Usually the process of sphere eversion starts with a sphere whose normals are pointing outward, undergoes some spatial transformation without creasing or pinching (a homotopy), usually using a halfway-model like the tobacco-pouch, ends up as a sphere whose normals point inward. The sphere has been turned inside-out.
Is this equivalent to the following scenario ?
A smooth 3d unit vector field defined on a sphere, which initially points away from the sphere's center (like normals) is continuously and smoothly (without creases or any singularties) transformed into a vector field which points towards the sphere's center (like the inside-out normals).

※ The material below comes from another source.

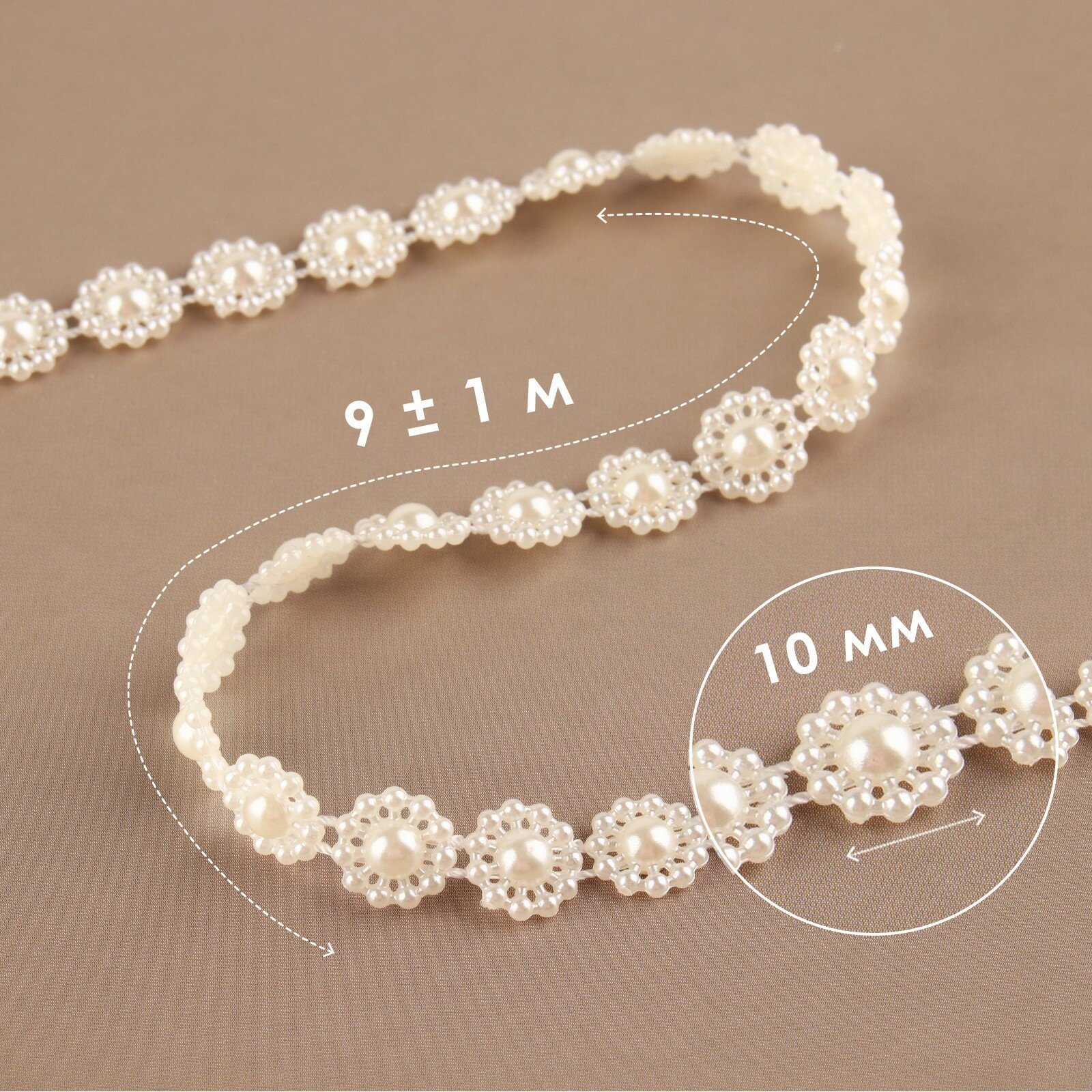 Жемчуг на нитях, плоский, 10 мм, 9 ± 1 м, цвет молочный 1шт. интересное:
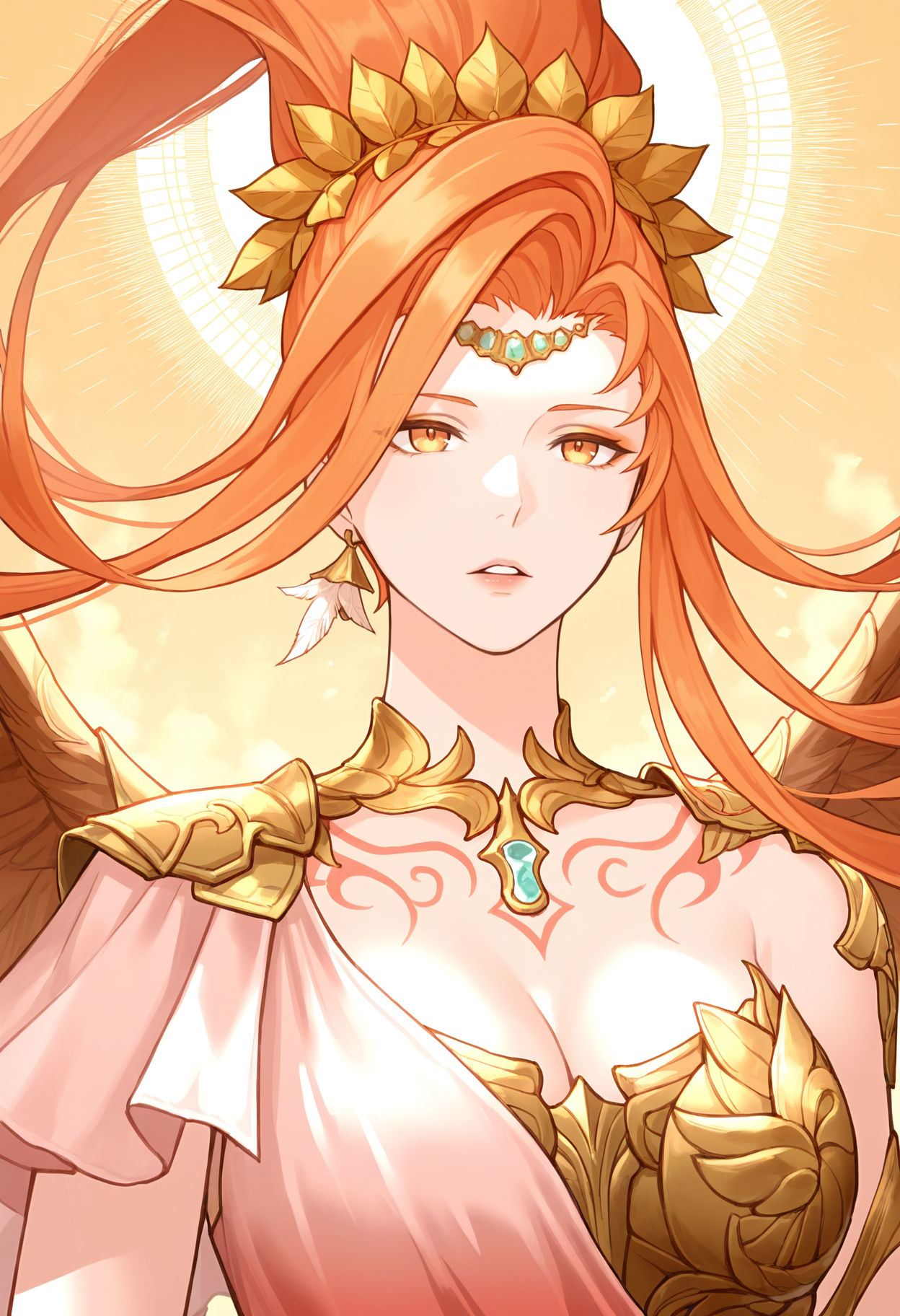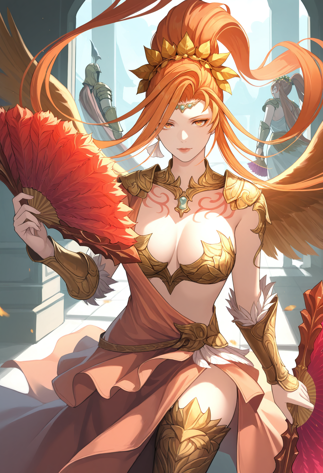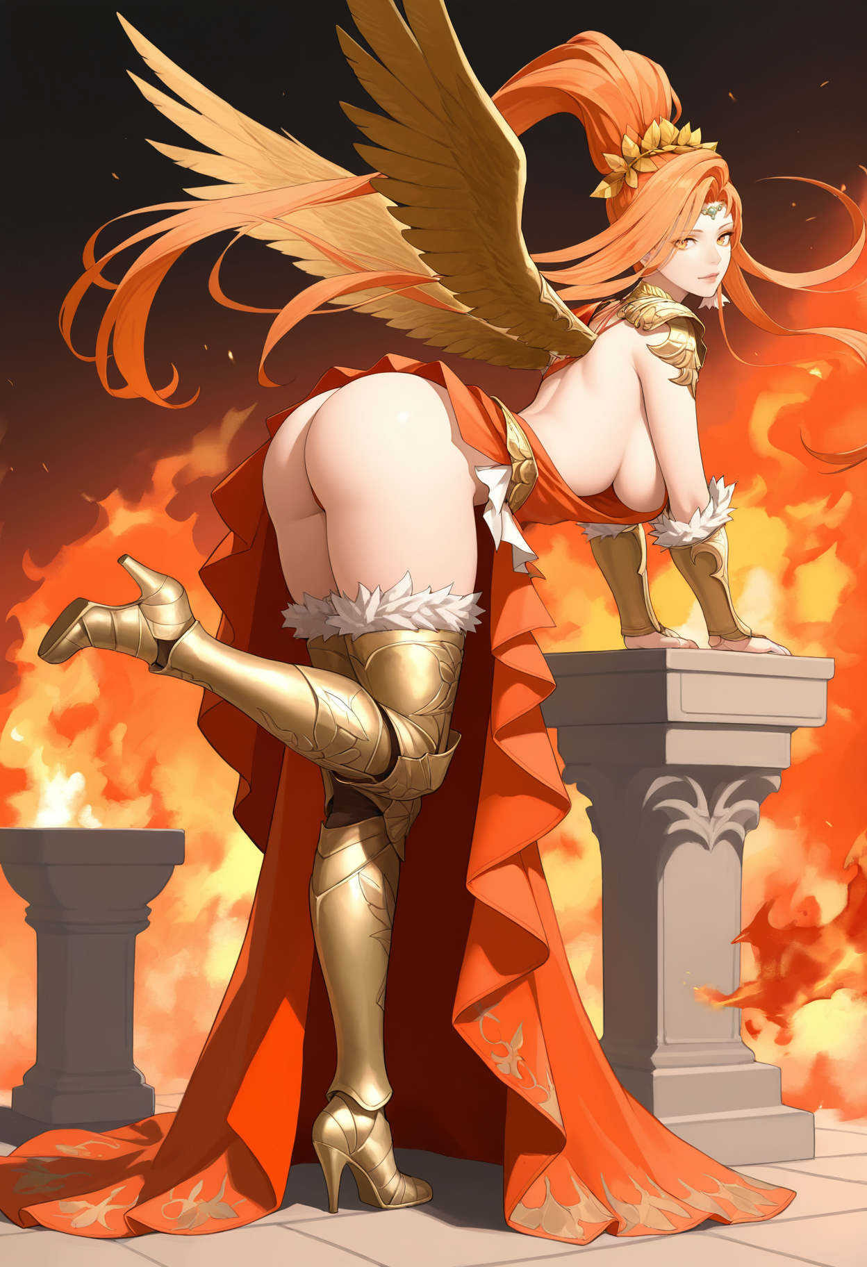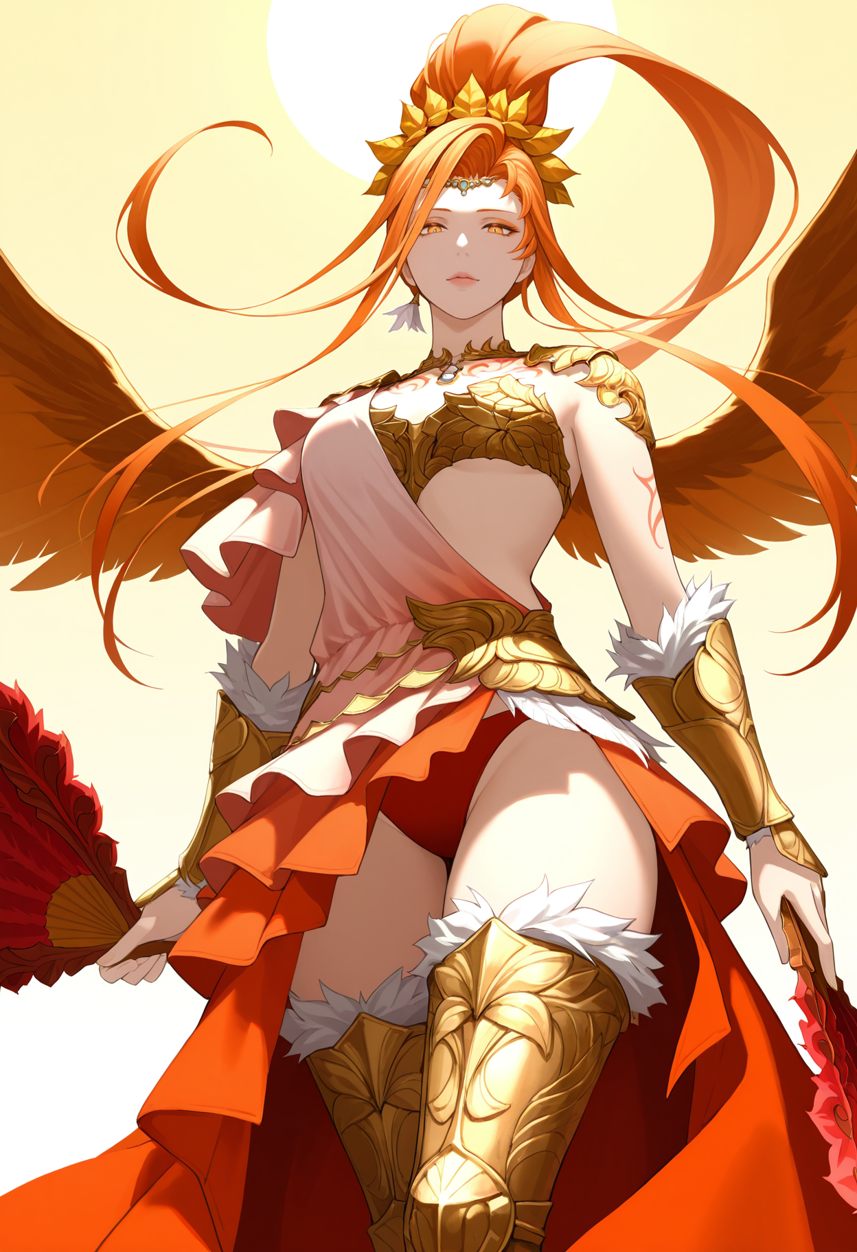 | Trained Words | Azeymaffxiv, orange eyes, orange eyeshadow, orange hair, long hair, floating hair, high ponytail, circlet, head wreath, laurel crown, single earring, gorget, aqua gemstone, shoulder armor, chest tattoo, red tattoo, feathered wings, orange wings, revealing clothes, bikin armor, gold armor, armored dress, asymmetrical dress, gradient dress, pink dress, red dress, single-shoulder dress, fur-trimmed armor, vambraces, fingerless gloves, faulds, red panties, leg tattoo, showgirl skirt, red skirt, armored legwear, gold thigh boots,Copied! |

Does the idea of sphere eversion translate to the described scenario (e.g. by using the normals of the surface during eversion rather than the positions) ? Or is it even the same with a different perspective ? And if so how could the latter be derived from the former ?
No, the scenarios are not equivalent, and no such transformation exists.
In fact, the outward normal vector field and the inward normal vector field are not even homotopic to each other through $\mathbb R^3$-valued nowhere zero vector fields on $S^2$, for the following reasons.
Associated to $\mathbb R^3$-valued nonwhere zero vector field $X$ on $S^2$ is the continuous self-map $f_X : S^2 \to S^2$ defined by $$f_X(p) = \frac{X(p)}{\|X(p)\|} $$ The function associated to the outward normal vector field is the identity map $I(p)=p$, which has degree $+1$. The function associated to the inward normal is the antipodal map $-I(p)=-p$, which has degree $-1$. But two homotopic nowhere zero vector fields give homotopic self-maps, and degree is a homotopy invariant, so the outward normal is not homotopic to the inward normal through nonzero $\mathbb R^3$-valued vector fields.